Later, as Bera loaded up the vast tin bath with clothes and ran water from the hot tap into it, it struck her as odd that shape-shifters were always lumped into the same category as trolls and outlaws, snolfurs and other predators. But shape-shifters were so rare that no one – as far as she knew – had ever definitely been attacked by one. Maybe, if she could snatch five minutes on the Oracle later, she’d search.
She managed to turn the tap off before boiling water ran over the pan’s lip; at least – for all Hilda’s carping – there was no shortage of heat and hot water. It was a shame that, according to the Oracle, there was no longer the resource to tip Isheimur’s boundless low-level geo-thermal energy into full-scale vulcanism.
She was used to washing by hand. The farm had finally run out of parts for the antique washing machine when Bera had first arrived from the North, and the Norns refused to consider such parts life-saving, so their petitions via the Oracle for replacements had been useless. But she hated the way it chapped her hands, and the effort required to wring out the sopping clothes left her hands and shoulders aching. Still, she managed to wrestle the sodden blouses and shirts into the mangle, bolt the rollers into place, then turn the handle against a wall of inertia.
She jumped at the voice; “You want help?”
She turned. “Oh, Yngi, you startled me.” Isheimur only knew how Yngi the Halt with his club foot had managed to creep up on her.
His freckled face was as transparent as any window, so she saw his disappointment. She added hastily, “I know you didn’t mean to, but you should cough or clear your throat, or–”
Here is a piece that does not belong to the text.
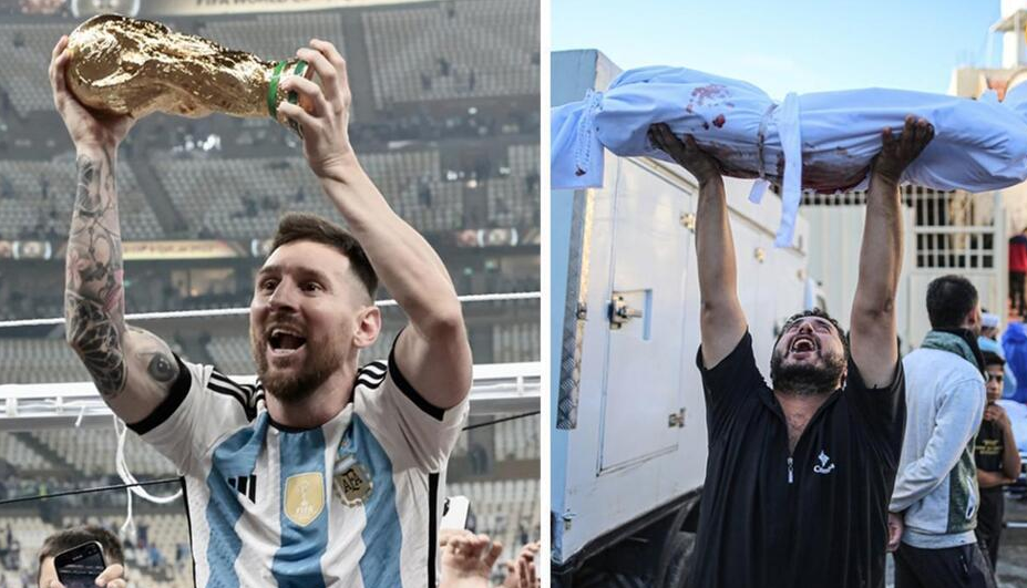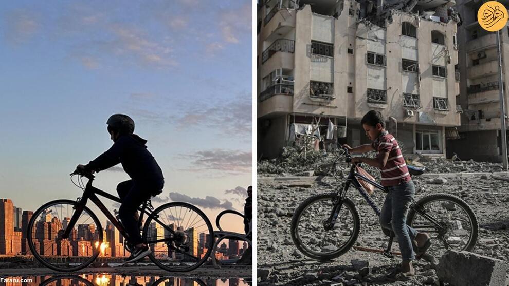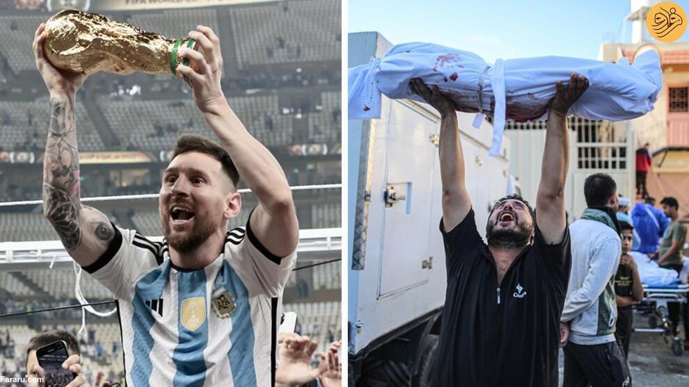 اقتصاد ۲۴- در حالی که زندگی در سراسر جهان بهویژه در کشورهای غربی به روال عادی خود ادامه میدهد، مردم غزه جایی که حملات اسرائیل ادامه دارد، ویرانی و فاجعه نسلکشی را تجربه میکنند. از بالا بردن جام جهانی توسط لیونل مسی تا مرد فلسطینی که جسد پیچیده در کفن فرزندش را بالا گرفته، از هیجان و آتش بازی سال نو تا حملات موشکی اسرائیل به غزه، از چهره نقاشی شده یک زن در جشنواره تا صورت زخمی و خونین زن فلسطینی، از آسمانخراشهای نیویورک تا ساختمانهای ویران شده غزه، از شلوغی خرید سال جدید تا مهاجرت صدها هزار فلسطینی، از توریستهایی سوار بر کالسکه تا انتقال مجروحان حملات اسرائیل به بیمارستان با گاری، از جشنوارهای در اسپانیا تا تشییع جنازه خبرنگاری که در غزه جان خود را از دست داد و دو کودک با دوچرخه یکی در امنیت و دیگری در ویرانههای غزه، این تصاویر در شبکههای اجتماعی با هم مقایسه شده اند.
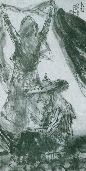 生命意识在翁振新的绘画作品中成为有别于庸常经验的新创造。他将表现性的笔墨意象符号——惠安女转化成为承载生命意识的象征形象。在笔墨风格的表现上,他以书入画,将渴笔焦墨、飞白舞动与水墨氤氲、漫溢抽象等表现手段因画而施,因兴而发,在率性的笔墨中浑洒着乡野和大海的单纯、浪漫和天真。这种单纯、浪漫与天真,使其作品显示出生命意识的强大力量,体现出了生命热情的涌动和生命活力的张扬,因此,他所追求的生命质地,也显示出了他那超人的才华和独特的美学追求。

“Okay, Bera.” he said. Ruddy features lit up:“You need help with that? I’m stronger than you are, even if I’m not as clever.”
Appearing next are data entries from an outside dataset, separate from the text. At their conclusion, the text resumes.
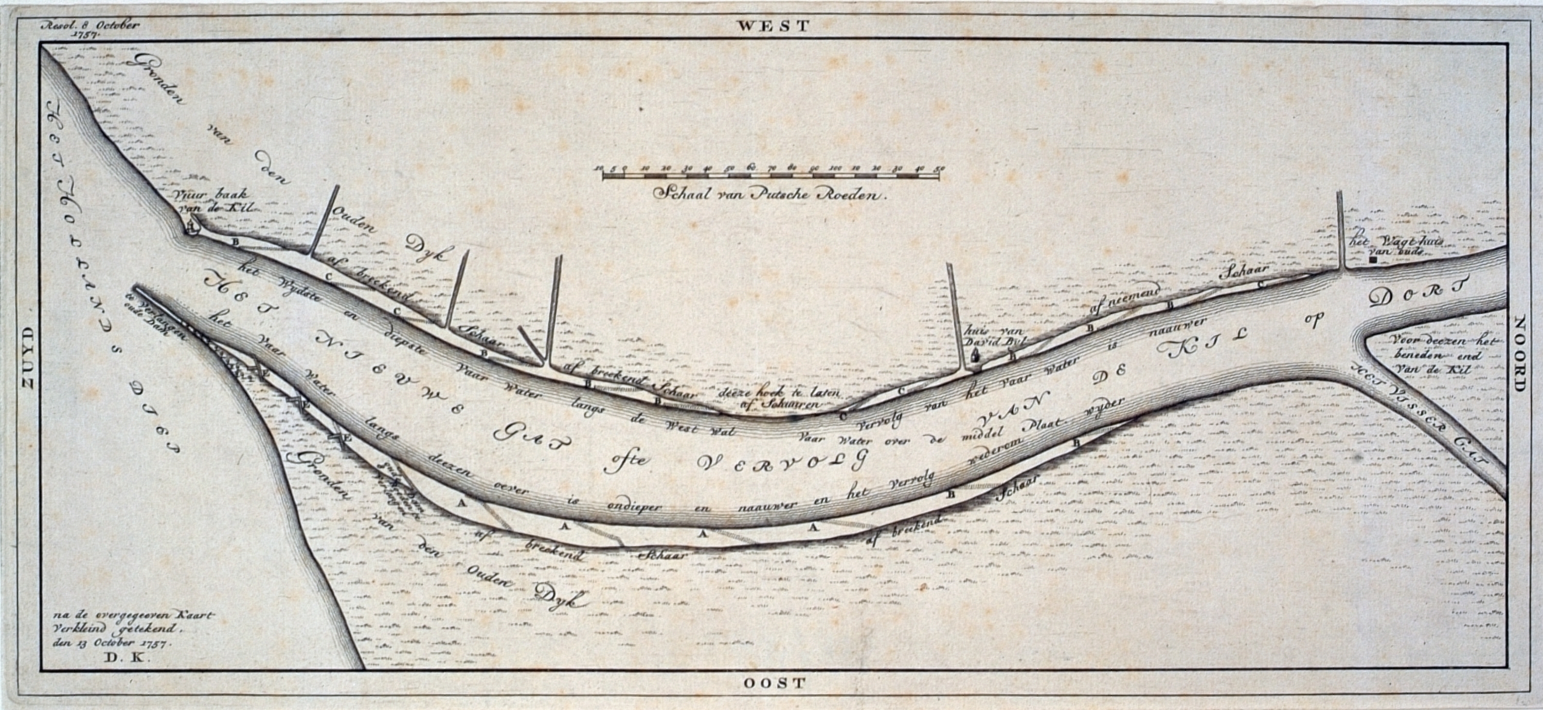 Rivierkaart van het zuidelijkste deel van de Dordtsche Kil tussen Vissersgat en …
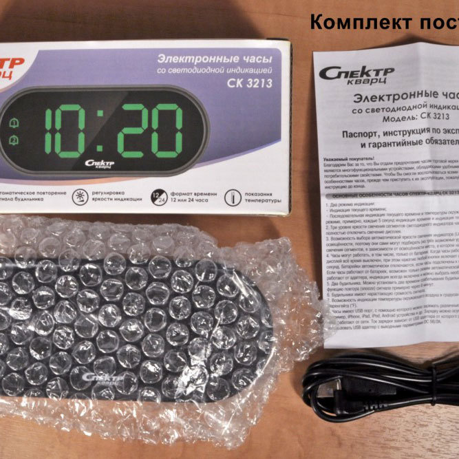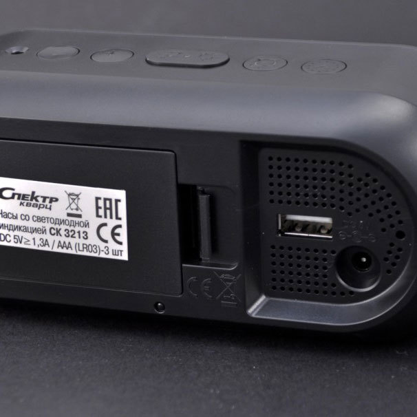 Механизм: Часы настольные с цифровой индикацией с будильником и измерением температуры. Яркость свечения часов можно менять (три уровня яркости) или полностью отключить индикацию. В режиме выключенной индикации нажатие любой кнопки кратковременно включит индикацию. Также у часов есть ночной режим работы индикации, который позволяет автоматически снизить яркость свечения в тёмное время суток. При включённом ночном режиме, в настроенный промежуток времени яркость индикации дисплея автоматически будет установлена на минимальный уровень. Часы могут работать в трёх режимах: отображение текущего времени, отображение температуры окружающего воздуха и режим попеременного отображения времени и температуры. Две центральные точки на дисплее часов не мигают. Часы могут работать, в том числе, только от батареек, т.е. без подключения к внешнему источнику питания. Когда часы работают только от батареек, дисплей всё время выключен, при этом нажатие любой кнопки или кратковременное нажатие на корпус часов сверху включит индикацию примерно на 10 секунд. У часов есть один будильник. Температура может показываться в градусах Цельсия или в градусах Фаренгейта. Питание осуществляется от порта USB. В комплекте с часами идёт USB шнур (1,5 метра) для питания часов от USB источника (5V). Для питания можно использовать, например, любой адаптер, предназначенный для зарядки мобильных телефонов, и имеющий USB выход. Блока питания от сети 220V в комплекте нет.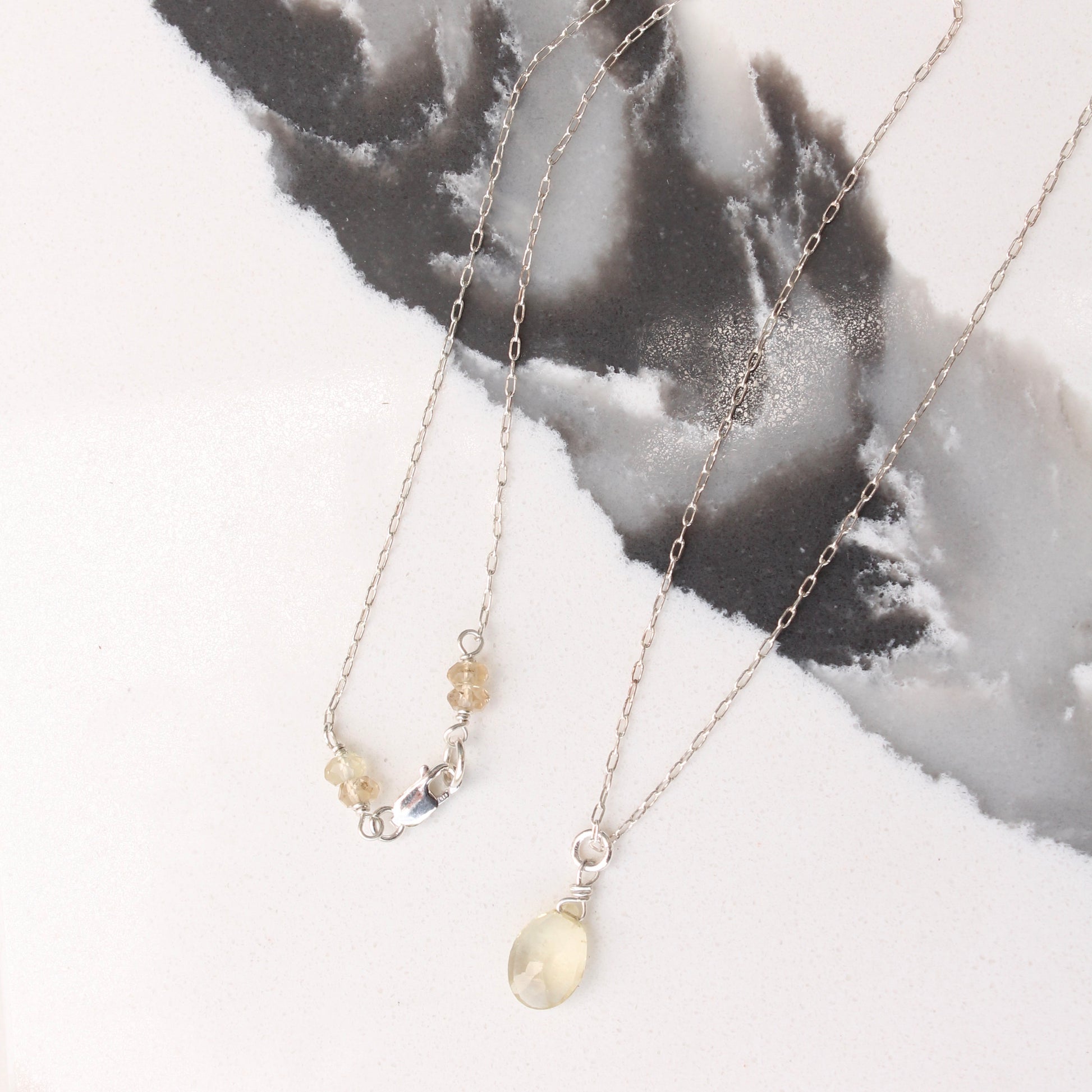 Una simple gota de cuarzo limón es elegante y sencilla para el verano. La cadena de plata de ley es estilo Figaro para mayor elegancia. El oro lleno es una fina cadena tipo cable. Ambos miden 18" de largo. La caída de briolette es de ~12 mm.

She shook her head. “No thanks, Yngi. I’m almost done.”
He turned to go, just as Thorbjorg’s voice cut across them: “Yngvar Ragnarsson, get away from that whore!”
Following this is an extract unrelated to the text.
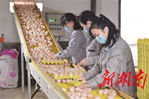 (9月22日,湘乡市泉塘镇花西村花西农牧有限公司鸡蛋分拣包装车间,刚产出的鸡蛋通过自动生产线源源不断输送到车间,工人们在熟练地进行分拣、包装。湖南日报记者 徐行 摄)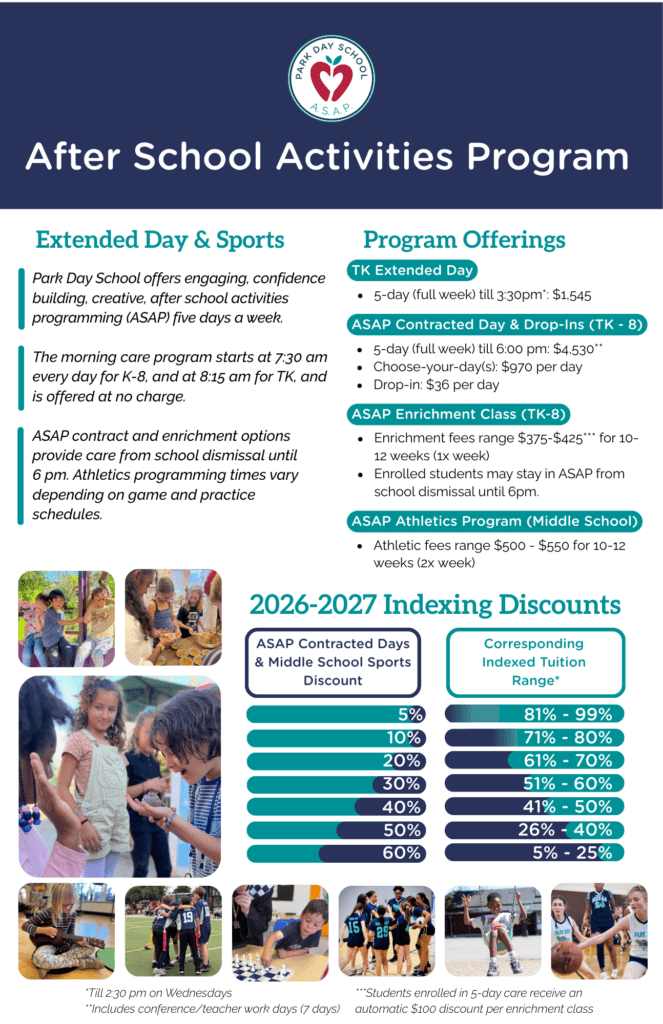 Park Day’s no-cost morning care program begins at 7:30am for students K-8 and 8:15am for TK students. The After School Activities Program (ASAP) offers a wide range of academic and co-curricular choices until 6pm daily. Students can engage in optional enrichment classes, language and music academies, or free and structured play.

Yngi cringed, and Bera swung round at his wife, anger at one humiliation too many finally breaking her self-control. Before she could speak, a shriek from the courtyard interrupted them: “Grandpappi! Granpappi’s coming!”
Bera and Thorbjorg rushed out into the courtyard, Yngi hobbling behind. Both suns were now high in the sky, and Bera had to blink to focus. She followed the other’s gaze down the valley to west, and the men returning from a week at the Summer Fair.
The two men at the front of the group rode shaggy Isheimuri horses, which stood only chest high to a tall man, but were formidably strong. Ragnar liked to brag that his was the strongest horse on Isheimur, and the chunky buttermilk-coloured stallion needed to be to carry his owner and his belongings, which between them probably massed over a hundred and fifty kilos. Arnbjorn rode a slightly smaller horse alongside him.
Surprisingly the other two horses were riderless, and Ragnar’s tenant farmers walked beside their mounts, which were dragging something, but Bera couldn’t make out what it was. Bringing up the rear of the procession were the farmer’s eldest sons. Both had been unbearable ever since Ragnar had agreed to take them to the Summer Fair, and Bera suspected that they would be even more conceited now they had been, and would consider themselves too grand to mix with children. One had been flirting with Bera before she’d become pregnant, but had quickly lost interest when he learned of her condition, and probably wouldn’t even speak to her now.